Over time I really started listening to these women on social media who seemed to get what I wanted.  I want to have a glass of wine. I want to have a beer at a BBQ (or a few; whatever).   I wanted to be able to go to a restaurant and eat off the menu and not feel guilt about it being “too many points” or “cheating on my diet.”  I wanted to live life and be healthy. And that should be a thing. There were women doing those things I wanted and looking fantastic. What was their secret?

At home workouts consistently. That was the secret. Balanced nutrition. After much convincing, research, telling myself yes 1,000 times but not leaping; I finally said yes to trying in home workouts.  Since I told myself I was making this a lifestyle, I needed it to work.  I poured myself a glass of wine after the kids went to bed and went all-in on my planning. I needed to lean fully in and not quit like I had before. 

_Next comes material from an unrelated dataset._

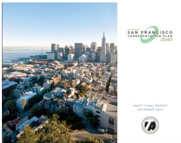
The San Francisco Transportation Plan (2040) includes the Geary corridor in the SFTP Investment Vision.

The CWTP evaluated alternative approaches to meeting the City's rapid transit system needs and recommended a preferred scenario that called for development of a citywide BRT network. Figure 1-2 shows the CWTP's identified rapid transit network. The Proposition K Expenditure Plan, the investment component of the 2004 CWTP approved by voters reauthorizing the City/County's half-cent transportation sales tax measure, featured Geary BRT as one of the named projects to be funded.

I had already been meal planning dinners for the month since we had 3 kids. It was a budgeting as well as time-saving practice I did. But, with this system I laid out all my meals each week.  I gave up my Starbucks because I felt like it could help offset the bootcamp enrollment fees. And I stuck to that meal plan because (a) I had to make this work, (b) I already bought and planned the food for it; it was saving time and money, (c) if it didn’t work, I wanted to know I put in my all and did it right before I sent it back. 

Well, it worked.  People started asking me what I was doing, clothes fit better, I felt better, my husband said he wanted to do what I was doing, and I was hooked.  Three years later I am still doing my in home workouts daily. I will share plenty about them all here. If you ever wanna be my in-home workout buddy, let me know, too!  I would love that!